We find out the top 10 event types by property damage and we compute the average number of property damage per event types. Here stand out HURRICAN/TYPHOON with 631 million of dollars average property damage per event, and STORM SURGE/TIDE with 147 million of dollars.

event_type_property_damage_summary <- storm_data %.%
  group_by(event_type) %.%
  summarise(property_damage_per_type = sum(property_damage), event_count = n()) %.%
  mutate(average_property_damage = property_damage_per_type / event_count) %.%
  arrange(desc(property_damage_per_type, event_count))
print(xtable(head(event_type_property_damage_summary, n = 10), digits = c(0,0,0,0,2)), type="html")

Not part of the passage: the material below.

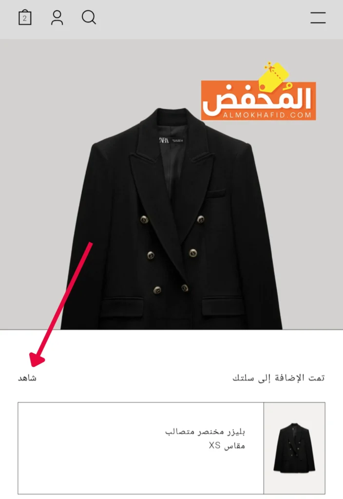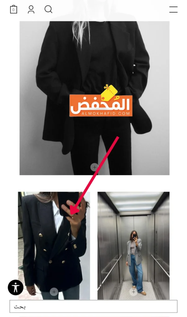 1.انتقل إلى موقع زارا الإمارات على الإنترنت، تصفح الأقسام وعندما تقرر الاختيار اضغط على الموديل المراد طلبه.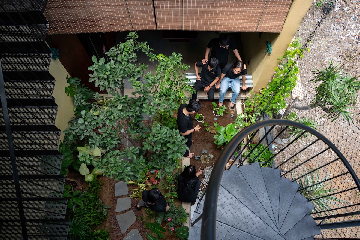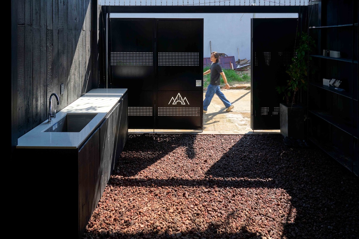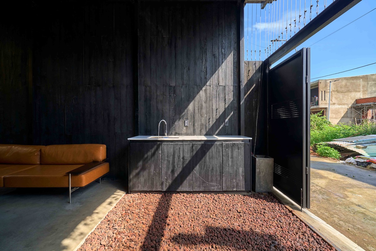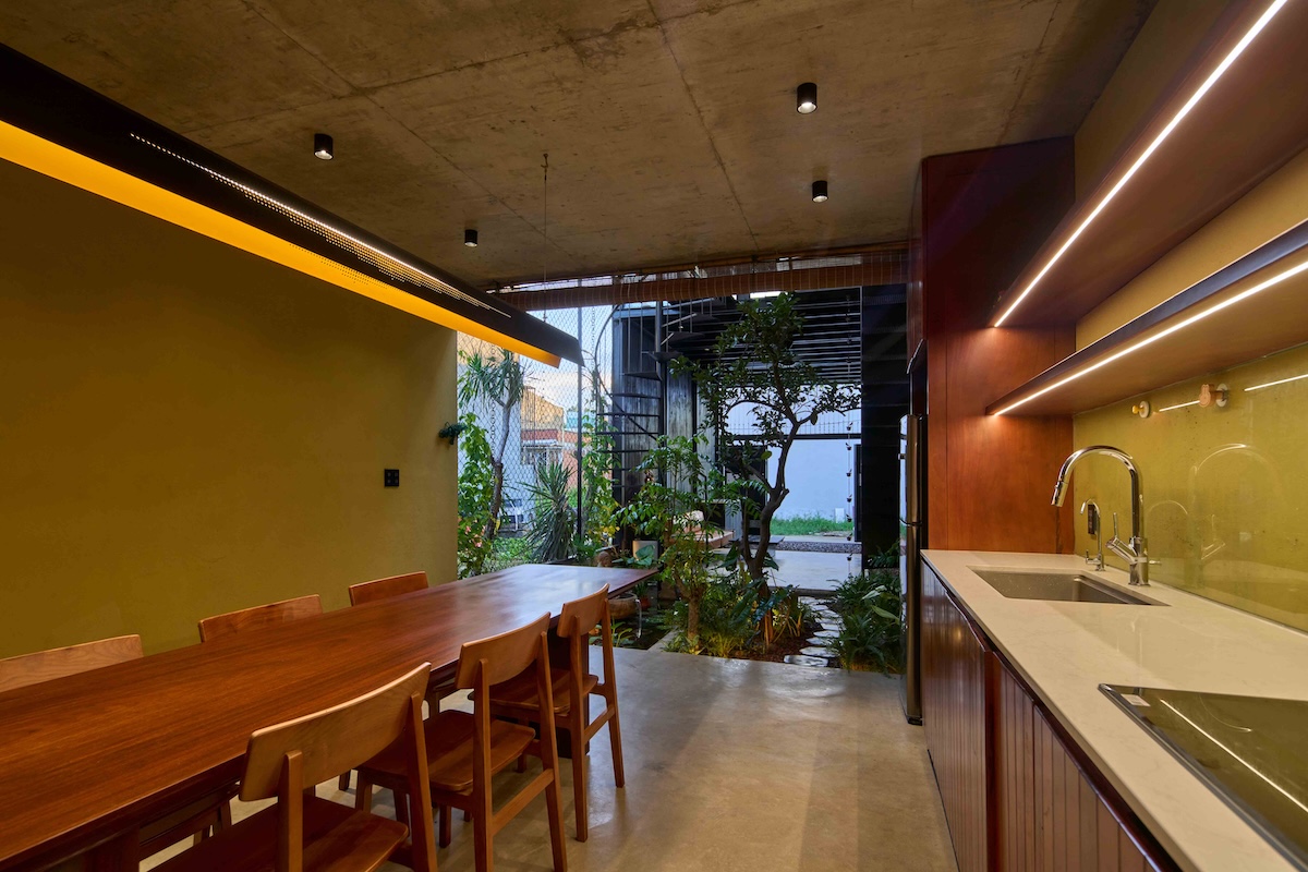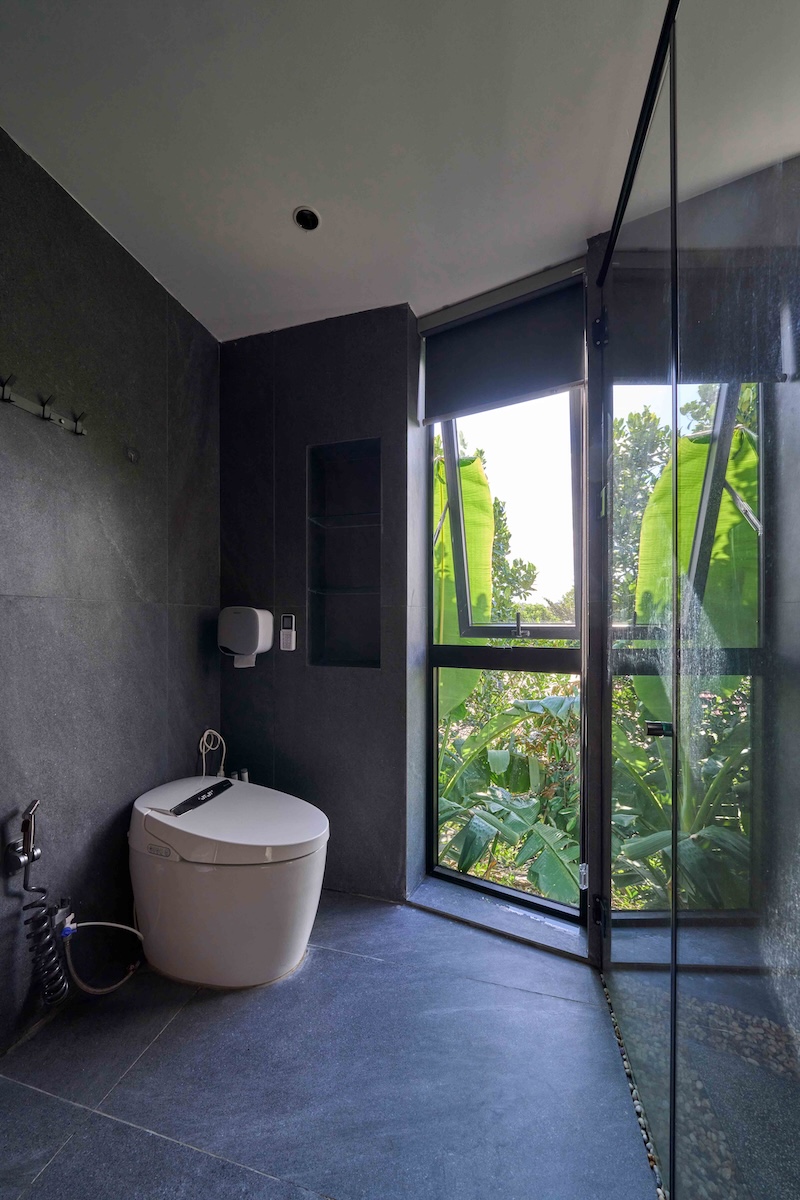 Cảnh quan xanh bao quanh công trình đóng vai trò quan trọng trong việc cải thiện vi khí hậu, giảm bức xạ nhiệt và tạo cảm giác “ẩn mình” giữa vườn cây. Sân trước rộng không chỉ là khoảng lùi cảnh quan mà còn trở thành không gian sinh hoạt chung, nơi diễn ra các hoạt động truyền thống, góp phần tăng cường kết nối giữa gia đình và cộng đồng xung quanh.

	event_type	property_damage_per_type	event_count	average_property_damage
1	FLOOD	148450	19939	7.45
2	HURRICANE/TYPHOON	83926	133	631.02
3	STORM SURGE/TIDE	54595	371	147.16
4	TORNADO	20202	16520	1.22
5	HAIL	12917	154472	0.08
6	FLASH FLOOD	12711	38412	0.33
7	TROPICAL STORM	8965	605	14.82
8	THUNDERSTORM WIND	5834	154645	0.04
9	WILDFIRE	5722	3294	1.74
10	HIGH WIND	5668	15569	0.36

We find out the top 10 event types by crop damage and we compute the average number of crop damage per event types. Here stands out HURRICAN/TYPHOON with 26 million of dollars average crop damage per event.

event_type_crop_damage_summary <- storm_data %.%
  group_by(event_type) %.%
  summarise(crop_damage_per_type = sum(crop_damage), event_count = n()) %.%
  mutate(average_crop_damage = crop_damage_per_type / event_count) %.%
  arrange(desc(crop_damage_per_type, event_count))
print(xtable(head(event_type_crop_damage_summary, n = 10), digits = c(0,0,0,0,2)), type="html")

	event_type	crop_damage_per_type	event_count	average_crop_damage
1	DROUGHT	7862	1933	4.07
2	FLOOD	3879	19939	0.19
3	HURRICANE/TYPHOON	3552	133	26.71
4	HAIL	1880	154472	0.01
5	FROST/FREEZE	1232	1407	0.88
6	FLASH FLOOD	888	38412	0.02
7	THUNDERSTORM WIND	712	154645	0.00
8	HIGH WIND	578	15569	0.04
9	EXCESSIVE HEAT	550	1059	0.52
10	HEAVY RAIN	465	9102	0.05

Merging the two list we can see that the event types with the big impact on public health are: FLOOD, HURRICANE/TYPHOON, HAIL, FLASH FLOOD, THUNDERSTORM WIND, HIGH WIND.